For that reason, the current jobless rate of 5.9 percent — down from a high this summer of 6.4 percent — is expected to still be around 5.7 percent when Americans vote next November.

In addition to the boost from last year's tax cut and low interest rates, analysts are looking for economic strength from increased federal spending, which has soared in such areas as the war against terrorism.

The federal budget deficit is projected to hit a record $500 billion next year.

"Never bet against a politician's willingness to spend in an election year," said Diane Swonk, chief economist at Bank One Corp. in Chicago, who predicted that the economy in 2004 will not be the curse to Bush that the economy of 1992 proved to be for his father's re-election hopes.

A sustained upturn has been long coming since a bursting of a stock market bubble in 2000 triggered the end of the longest economic expansion in U.S. history.

The decade-long expansion ended in March 2001; the decline deepened with the terrorist attacks that fall.

Just as the economy began to regain its footing in 2002, consumer and business confidence was shaken by corporate accounting scandals and then by uncertainties of the Iraq war buildup.

However, a third round of tax cuts, combined with the lowest interest rates in 45 years provided by the Federal Reserve, finally ignited stronger growth this past summer.
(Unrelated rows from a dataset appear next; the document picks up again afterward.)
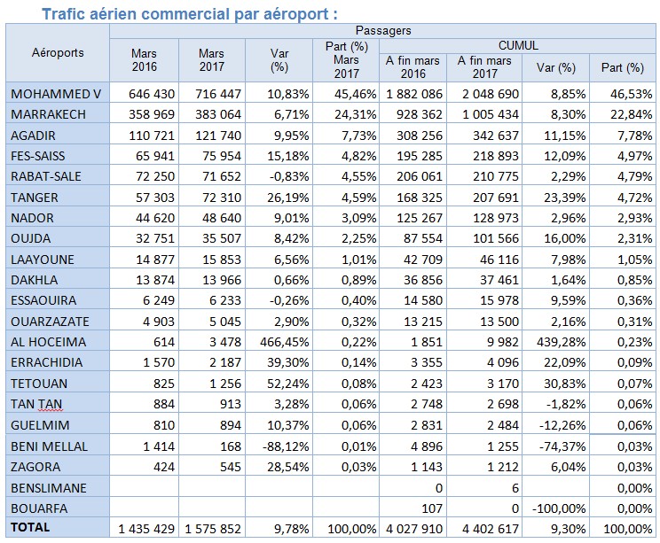 Les aéroports du Royaume ont enregistré en Mars 2017, un volume de trafic aérien de 1 575 852 passagers, soit une augmentation de (+9,78%) par rapport à la même période de l’année 2016.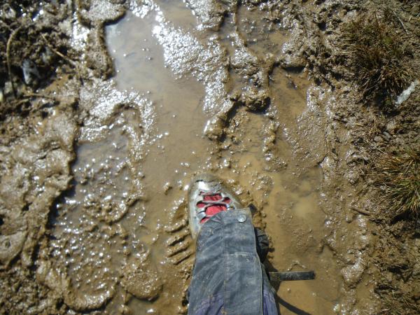 ③8合目~藤原山荘間は泥道が続きます。藤原山荘~藤原岳も泥道が少しあります。この時期はスパッツが必携ですが、装着しても泥が付きます。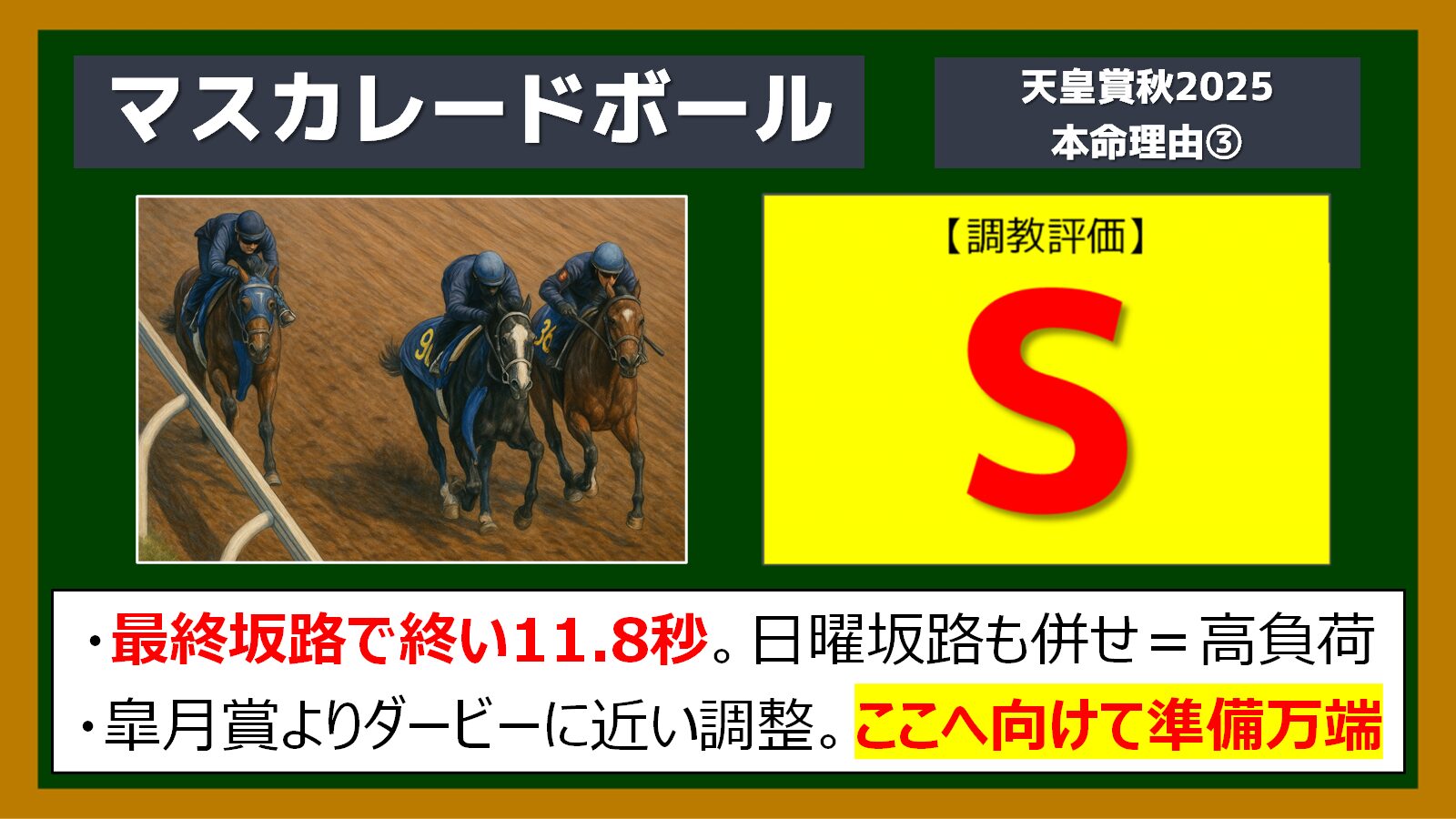 そこで本命にしたのがダービーで上がり2位。今年の3歳でもトップクラスの実力を見せていたマスカレードボールですが、この馬は追い切りの内容も申し分ありません。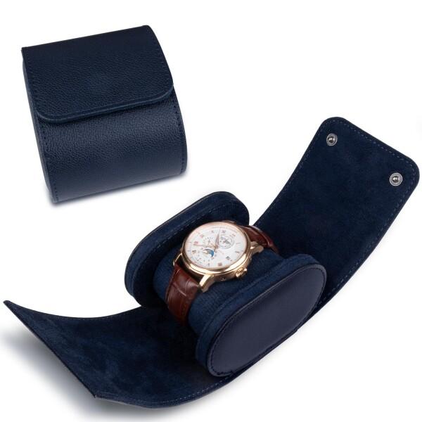 【時計トラベルストレージロール】高品質なPUレザーを使用した時計収納ボックスは、1本の時計を収納可能。2つのボタンロックでしっかりと固定できるため、時計を紛失や傷から守ります。また、ホコリや腐食を効果的に防ぎ、大切な時計を美しく保管・展示するのに最適です。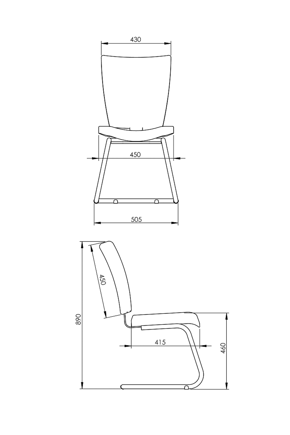 • Base fixa tipo “S” em aço tubular redondo com pintura texturizada preta e sapatas deslizantes.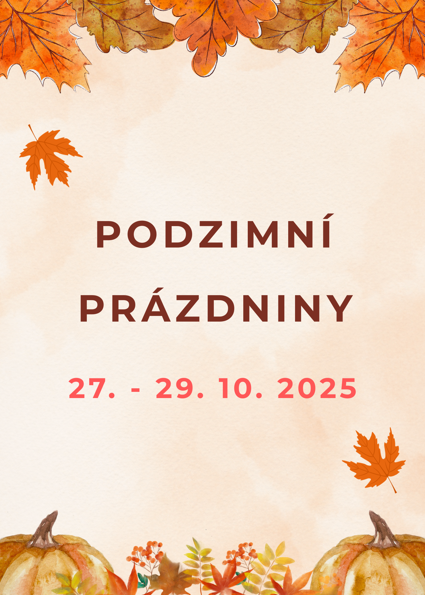 Ve dnech 27. 10. – 29. 10.  2025 mají žáci podzimní prázdniny.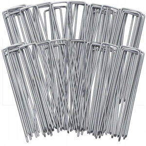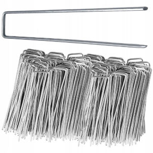 Set de 100 ancore metalice tip U, concepute pentru fixarea sigura a panzei anti-buruieni, plasei sau altor materiale utilizate in gradina. Fabricate din metal rezistent, ofera stabilitate si durabilitate in utilizare. Forma in U permite montare rapida si fixare eficienta in sol, prevenind deplasarea materialelor din cauza vantului sau a miscarii solului.

This time, economists believe the recovery will not falter.

The sustained recovery should translate into job increases of 100,000 or more per month, which would translate into at least an additional 1.2 million more jobs next year, the first positive year for job growth since 2000. Since the recession began in March 2001, the country has lost 2.35 million payroll jobs.

In a significant change from past downturns, workers who lost their jobs have stayed unemployed far longer. The proportion of unemployed workers who have been without a job for more than six months hit 24 percent in November, a 20-year high, which Bush's Democratic opponents contend indicates the president is mishandling the economy.
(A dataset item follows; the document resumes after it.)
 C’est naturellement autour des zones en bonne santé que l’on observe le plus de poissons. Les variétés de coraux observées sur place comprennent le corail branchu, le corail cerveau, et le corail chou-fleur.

One architect of Bush's economic policy, former economic adviser Larry Lindsey, predicted growth of more than 4 percent and job gains of 150,000 to 200,000 a month.

"What we've seen is the recovery of profits. Whether you like them or not, profits are necessary before people turn around and invest and before people are hired in new jobs," Lindsey told ABC's "This Week" program Sunday.

Robert Reich, labor secretary in the Clinton administration, responded that the nation hasn't seen anything close to the job creation Lindsey forecast. "This has been the most anemic jobs recovery we've seen in recent American history," Reich said.

David Wyss, chief economist at Standard & Poor's in New York, predicted GDP growth next year would hit 4.7 percent, in line with many private analyses.

Wyss and other forecasters believe the Federal Reserve will keep interest rates low most of the year despite stronger growth because inflation will continue to be a no-show. Many don't expect the first Fed rate increase until after November's election.

Sung Won Sohn, chief economist at Wells Fargo in Minneapolis, said that continued low interest rates, coupled with what he estimates will be $149 billion in tax relief in the pipeline for 2004, will provide the economy a strong tail wind.

A recent survey by the 600,000-member National Federation of Independent Business found the outlook among small business owners rising to the highest level since late 1983.

"Business optimism about 2004 is really strong," said NFIB chief economist William Dunkelberg.

Of course, analysts caution that unforeseen developments, such as a surge in oil prices sparked by further conflict in the Middle East or a terrorist attack on U.S. soil, could make current forecasts wildly optimistic.

"The big risks are external shocks, either from higher global oil prices, or weaker-than-expected growth in areas such as Japan and Europe," Sohn said.

But if the forecasts turn out to be accurate, the private analysts believe the economy will help Bush's re-election chances.

"Bush's father made the mistake of having the recession a year too late so there wasn't enough time for the recovery to really get going in 1992," Wyss said. "The timing for the current president is almost perfect."